Small is good. Small is all.
What are you contemplating lately? What’s swirling in your brain, your body? What are you giving your precious thoughts to? What is occupying you, gnawing at you? Feel free to share in the comments if you’d like to. Thanks, as always, for being here.
△ I read everything Jia Tolentino writes
△ Downloading and then (a week later after realizing it’s just another way to zap my attention by doing the same thing in a new place) uninstalling Threads
△ This super simple slaw we’ve been making lots
△ This recent scene of my girl & her stuffed goose, on expired 35mm film:
To more wandering — more wondering.
With care,
Lisa
Talking about self-forgetfulness reminds me of the Mary Oliver line... “love yourself / then forget it / then, love the world”

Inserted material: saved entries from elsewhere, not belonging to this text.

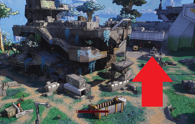 With the Borderlands 4 roaming pasture canister in hand, return to the crawler. Slip under the initial staircase to access the lower level, then climb the stairs. At the top, turn and ascend another staircase, circling the platform’s edge before climbing a third set of stairs. This path is critical for navigating the Borderlands 4 crawler roaming pasture structure efficiently.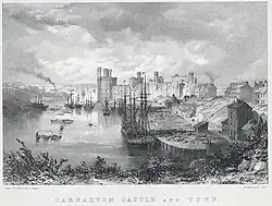 Hughes's major woodcuts appear in his Beauties of Cambria (Carmarthen, 1823) in which all the views were engraved by himself, 58 from his own drawings; he has been compared to Thomas Bewick. He also made lithographs of Welsh scenery. He made caricatures of the commissioners of education sent to Wales (1846–47). Some of his sketches, including a map of North Wales under the name Dame Venedotia, Pitt's Head near Beddgelert, and others of the neighbourhood of Snowdon, were published at Caernarfon. His sketch of Pwllheli and St. Tudwall's Road is in Humphrey's Book of Views.[2][3]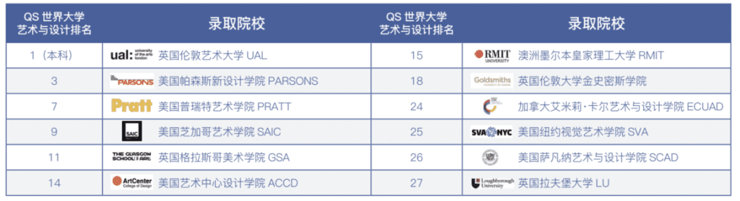 省实IFPAD的教学质量获得各国艺术名校的高度认可,毕业生遍布QS世界大学艺术设计类排名前30名的艺术院校(本科直录),包括: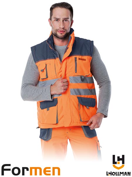 Bezrękawnik ochronny ocieplany FORMEN, męski.- tkanina: 80% poliester, 20% bawełna (kolory CSB i CGS: 100% poliester) o gramaturze 270 g/m2- wyściółka 100% poliester o gramaturze 130 g/m2- podszewka 100% poliester typu tafta 190T o gramaturze 50 g/m2- zapinany na suwak z dodatkowymi zapięciem na rzepy- trzy kieszenie na klatce piersiowej, w tym dwie na suwak i jedna na telefon, jedna wąska kieszonka na przybory np. długopis oraz dwie dolne- końcówka do przypięcia kluczy- pętelki umożliwiające doczepienie dodatkowych akcesoriów- na ramionach bezrękawnika wzmocnienie z szarego materiału, co zwiększa jego wytrzymałość na przetarcia- staranne wykonanie oraz zwiększona wytrzymałość zapewniają wysoki komfort użytkowania- testowane na zawartość szkodliwych dla zdrowia substancji zgodnie ze standardami OEKO-TEX® Standard 100- materiał i pasy testowane zgodnie z normą EN ISO 20471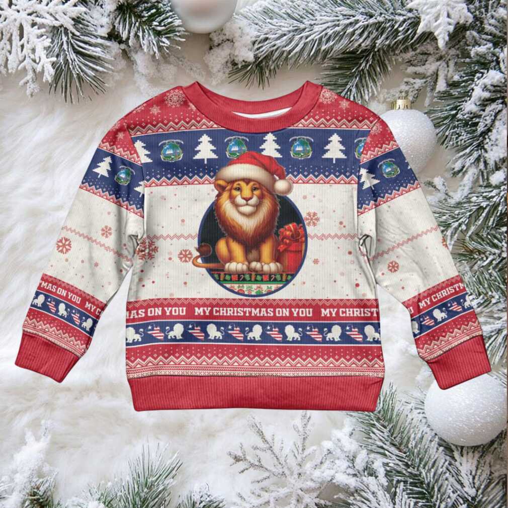 Celebrate a Liberian Christmas with this adorable Kid Ugly Christmas Sweater! Featuring a “My Christmas On You” design with a Lion Santa, this sweater is perfect for Liberian children to show their heritage during the holiday season. It’s a unique and festive way to spread Christmas cheer with a touch of Liberian pride. Get ready to make this Christmas extra special!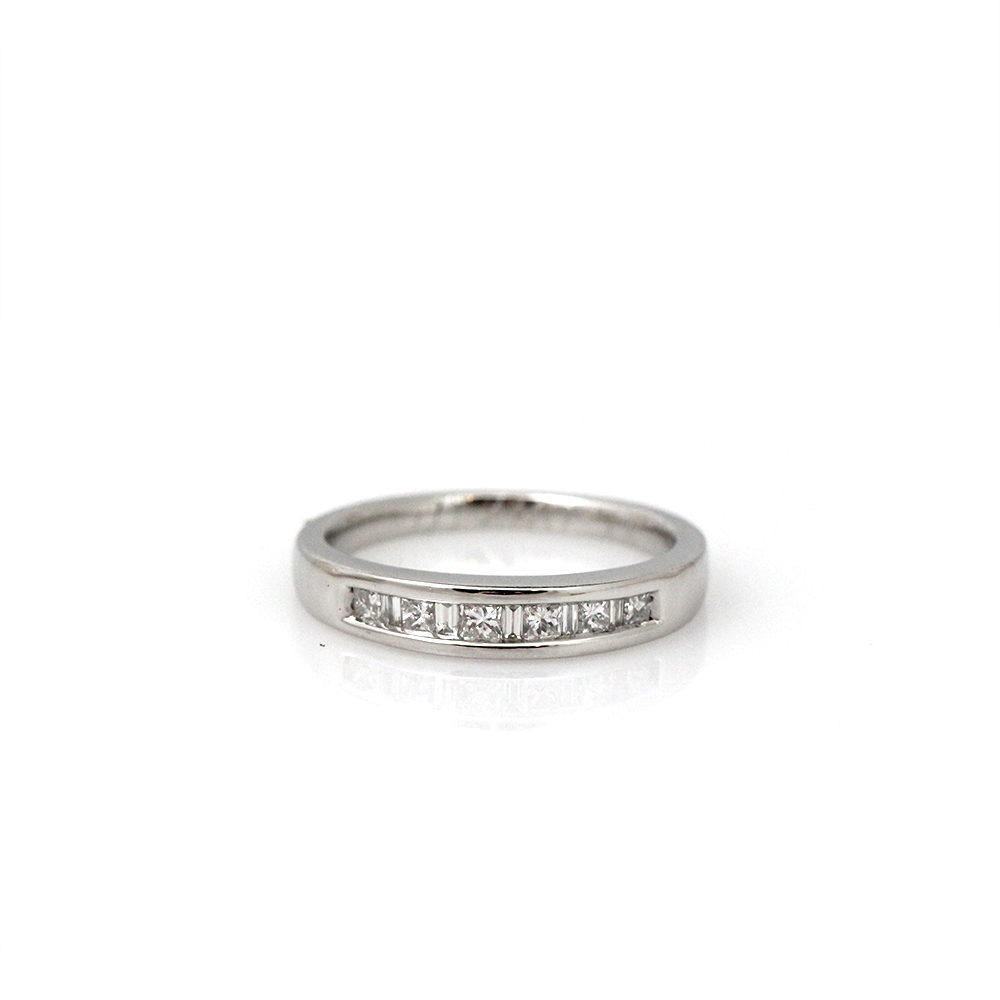 Add some sparkle to your stack with this sleek anniversary style ring and its channel-set, princess cut diamonds. It also looks great on its own. This is a one-of-a-kind estate item, fully restored to a showroom finish, with an appraised value of at least $3,668.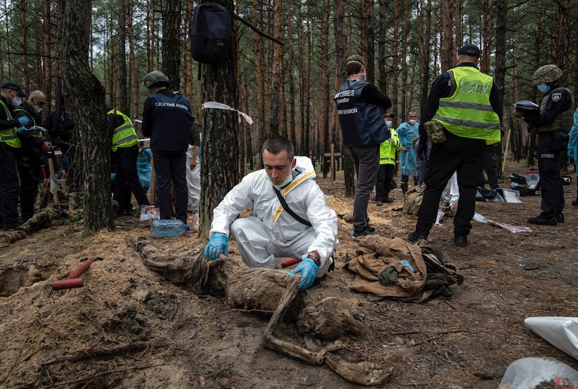 Una zona boscosa de Izium, localidad al noreste de Ucrania recientemente recuperada de manos rusas por las tropas locales, se ha convertido ya en otro de los grandes símbolos de la masacre de las tropas de Rusia en Ucrania. Más de 200 cruces de madera, algunas numeradas, señalaban en el bosque la existencia de un enterramiento masivo de víctimas de la guerra. Hasta ahora se han encontrado más de 440 cuerpos. Entre las primeras exhumaciones se han encontrado niños, familias enteras, según el presidente ucranio, Volodímir Zelenski. También personas con signos de tortura, las manos atadas a la espalda, e indicios que indican muerte por disparos, fuego de artillería o explosiones de minas. “El mundo entero debería ver esto”, ha alertado este viernes el dirigente. Ya hay abierta una investigación, con participación internacional, para obtener los detalles de esas muertes que recuerdan a escenas ocurridas en otras ciudades como Mariupol, en el sur de Ucrania, o Bucha, en los alrededores de Kiev, y que Zelenski considera sin ambages crímenes de guerra.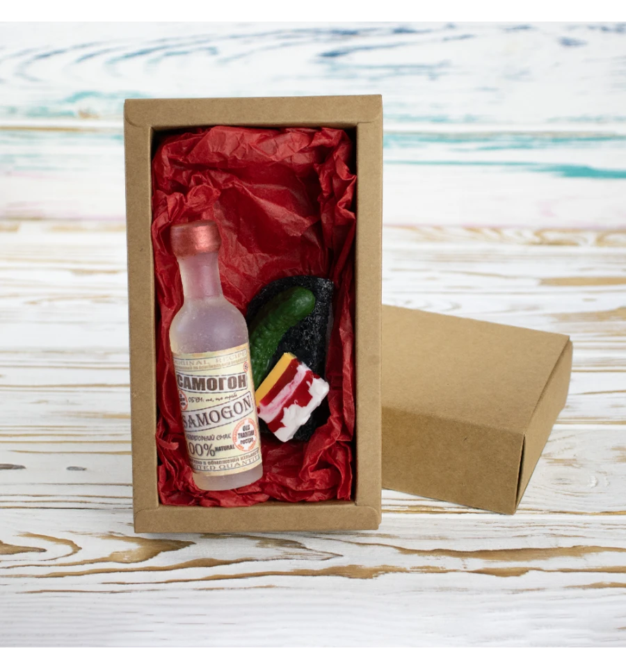 Будемо в подарунковій упаковці - це гордість нашої власної майстерні. Ми створили його для тих, хто цінує національний колорит та оригінальні подарунки з душею. У комплект входять два неймовірно реалістичні елементи. Апетитний шматочок сала з прошарками, що імітують м'ясні прожилки, і шкіркою - виглядає настільки натурально, що його легко сплутати зі справжнім делікатесом. І пляшечка самогону - деталізована мініатюра, яка доповнює святкову композицію. Чому варто вибрати Подарунковий набір із мила? Набір з мила Будьмо - універсальний подарунок, який стане родзинкою в будь-якій компанії. Ідеальний привід посміятися та підняти настрій коханому куму чи другу. Як душевний сувенір татові чи дідусеві, що підкреслює традиції. Як оригінальний український сувенір іноземним гостям, який не тільки гарний, а й корисний. Щоб додати трохи неформального тепла до робочих буднів колегам на свято. Ми упаковуємо набір у презентабельну подарункову коробочку, яка підкреслює його статус та захищає мило під час транспортування. Вибираючи Подарунковий набір з мила Будьмо, ви даруєте якість, щирі емоції та частинку нашої майстерності. Нехай кожен похід у ванну починається з усмішки та гарного настрою! Будьмо!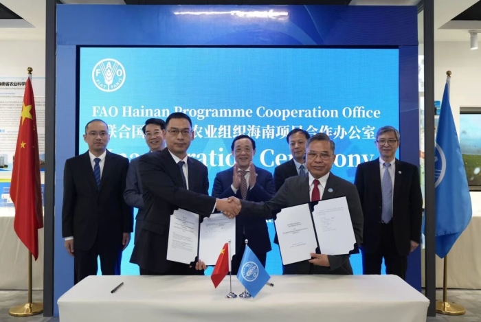 很高兴出席联合国粮食及农业组织海南项目合作办公室(FAO-HAINAN PCO)揭牌仪式并调研海南自贸港框架下的农业农村工作,心情异常激动!与大家共同见证联合国粮农组织、中国政府与海南省有关部门携手促成的这一重要的历史性成果正式落地。屈总干事出席联合国粮农组织海南项目合作办公室签约揭牌仪式并致辞。 谨向中国农业农村部、海南省人民政府、海南省农业农村厅、三亚市人民政府及领导们致以诚挚谢意,历史将永远记住中国推动构建人类命运共同体和国际开放合作所展现的远见卓识、坚定意志、坚决行动和开阔视野。 海南项目合作办公室的成立彰显了联合国粮农组织与中国政府以制度化、长效化合作机制深耕热区农业,开放创新、合作共赢的战略远见,前瞻布局与行动导向。联合国粮农组织海南项目合作办公室签约揭牌仪式。©粮农组织/Qilai Shen屈总干事见证联合国粮农组织与中方签署合作文件。©粮农组织/Qilai Shen 海南气候独特、特产丰饶、人文荟萃、优势明显,占据中国热区农业粮食体系版图的战略要冲。海南依托典型热带气候与丰富的生物多样性资源,特别是在崖州湾科技城的辐射带动下,成功汇聚了大批国家级科教机构,正迅速发展成为国际热区农业创新与发展的新核心、中国与世界的新客厅、国际农业与食物产研学合作交流的大舞台。海南五指山是中国热带雨林生态系统的重要代表区域,拥有丰富的自然资源和独特的生态景观。©粮农组织/屈冬玉国家雨林公园内的仙女潭水倒影出中国地图(屈总干事发现)。©粮农组织/屈冬玉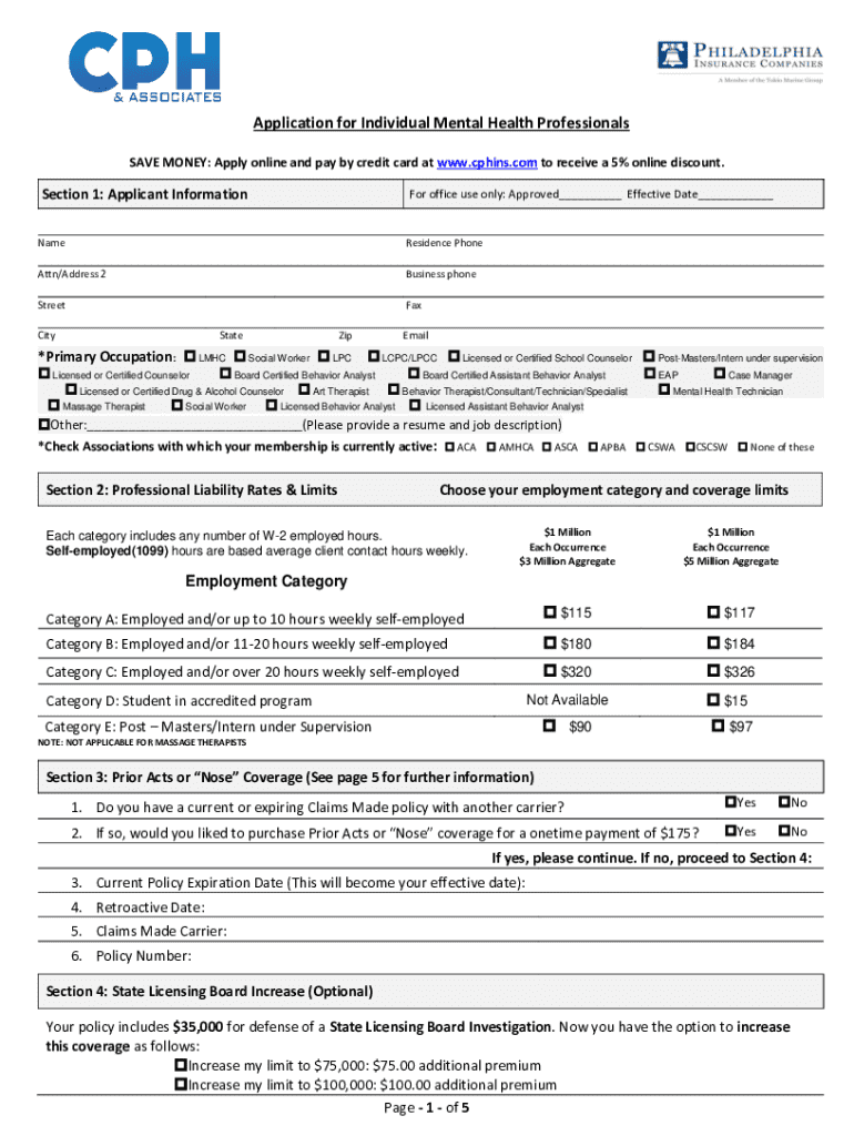 Complete the application for liability insurance for mental health professionals. Ensure accurate information to secure coverage and discounts.
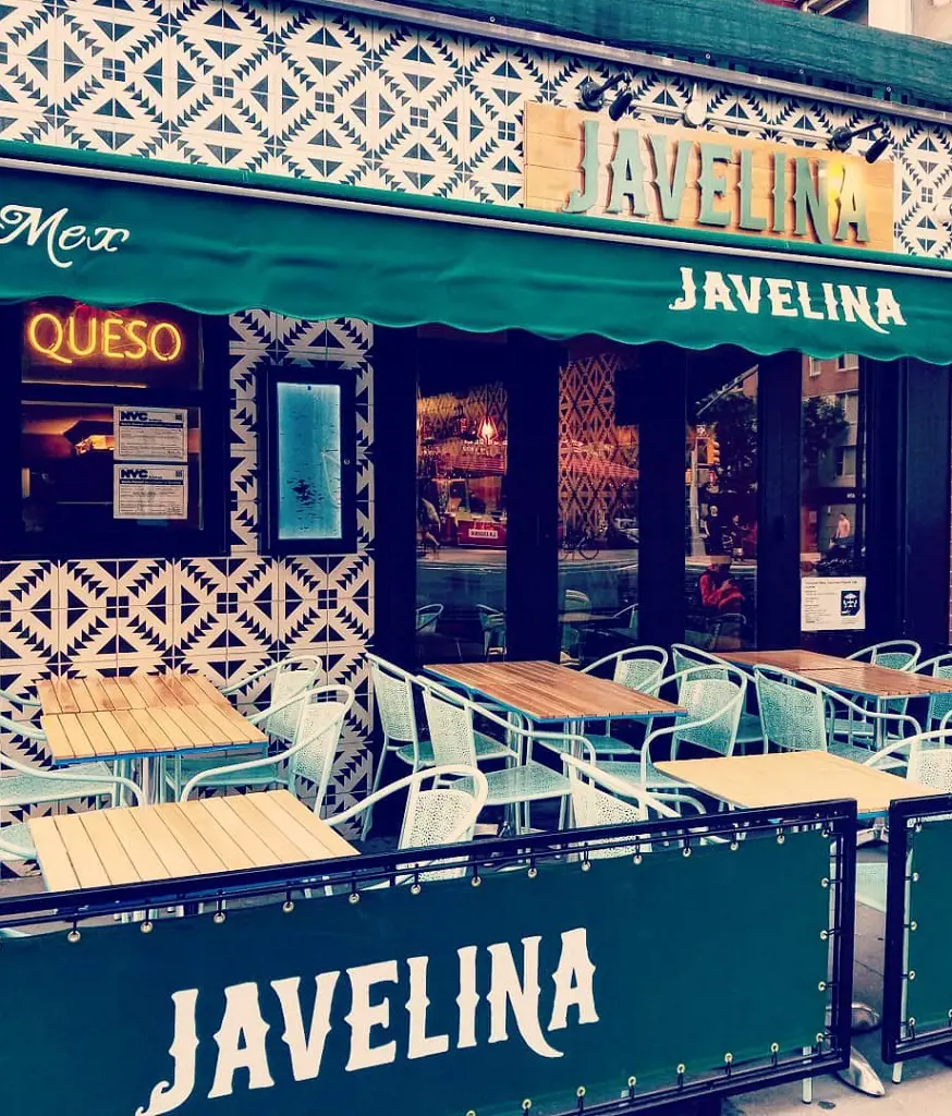 Javelina is the NYC's first authentic Tex-Mex restaurant. It is known for its fresh tortillas, award-winning margaritas, Texas chili, and queso.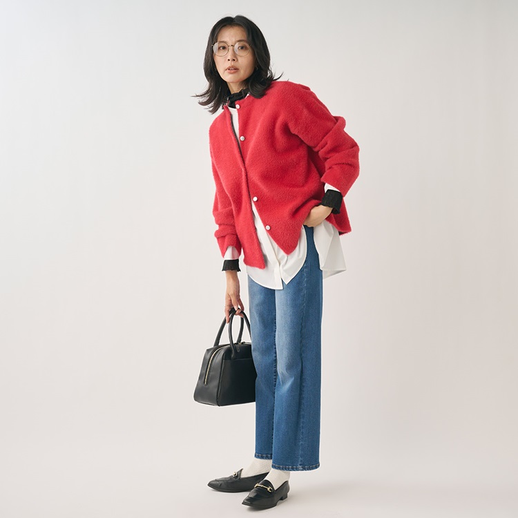 カーディガン、ライトアウターにも使える配色が映える旬顔カーディガン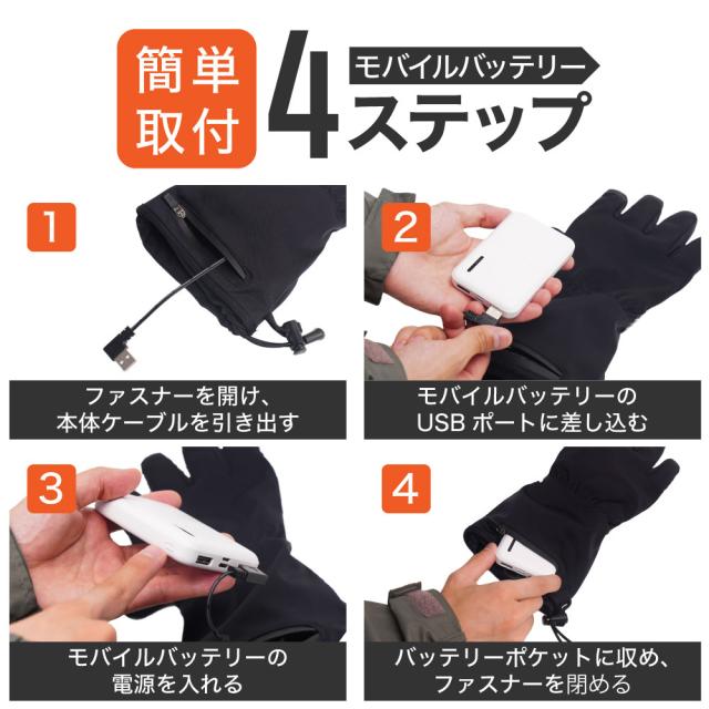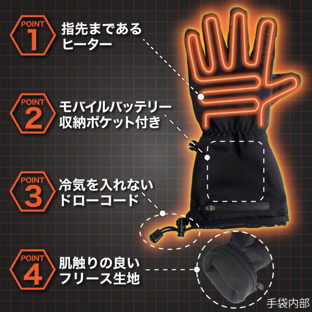 USB式ヒーター手袋「でんき手ぽっか」ヒーター内蔵で指先までしっかり温まる、ケーブルレスのヒーター手袋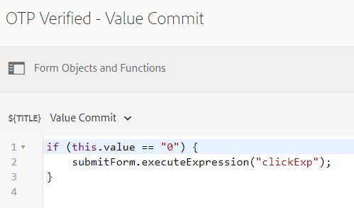 This form makes use of the POST invocation of the Form Data Model to verify the mobile number using OTP. The form’s submit action is triggered on successful verification of the mobile number using the following code. We are triggering the click event of the submit button named submitForm.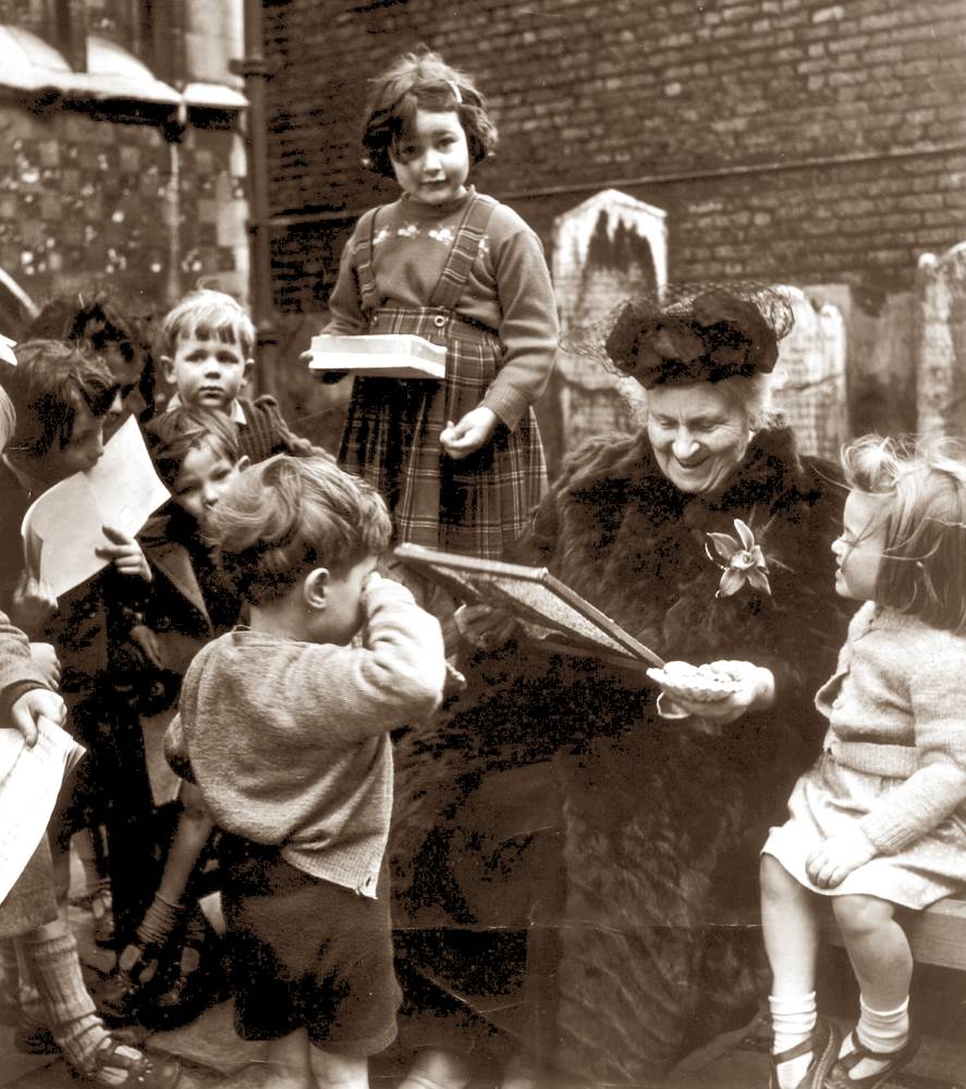 Maria Montessori a londoni Gatehouse School diákjaival utolsó angliai látogatásakor, 1951-ben.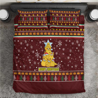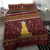 Merry Chickmas Christmas Bedding Set with Yellow Chickens Tree Design and Snowflake Pattern

Lisa thank you so, so much for sharing this. Every post, you always manage to articulate things so beautifully, with so much care and incredible humanity. Your words are a true relief, I feel my shoulders dropping as you again and again remind me what's possible — ease, peace, relief, all of it. I've known what I hold and have been so aware of it but also quite intimidated by it, it really is a weight to hold and, as you say, the ignorance would have been easier, but not right-er. Saying that.. I've actually just today started my own Substack after being so endlessly inspired over the past year by you and your generosity here and your love here has given me the balm I needed after feeling so vulnerable! I am just so grateful for you and your words. Thank you over and over. I hope you know just how much you are appreciated.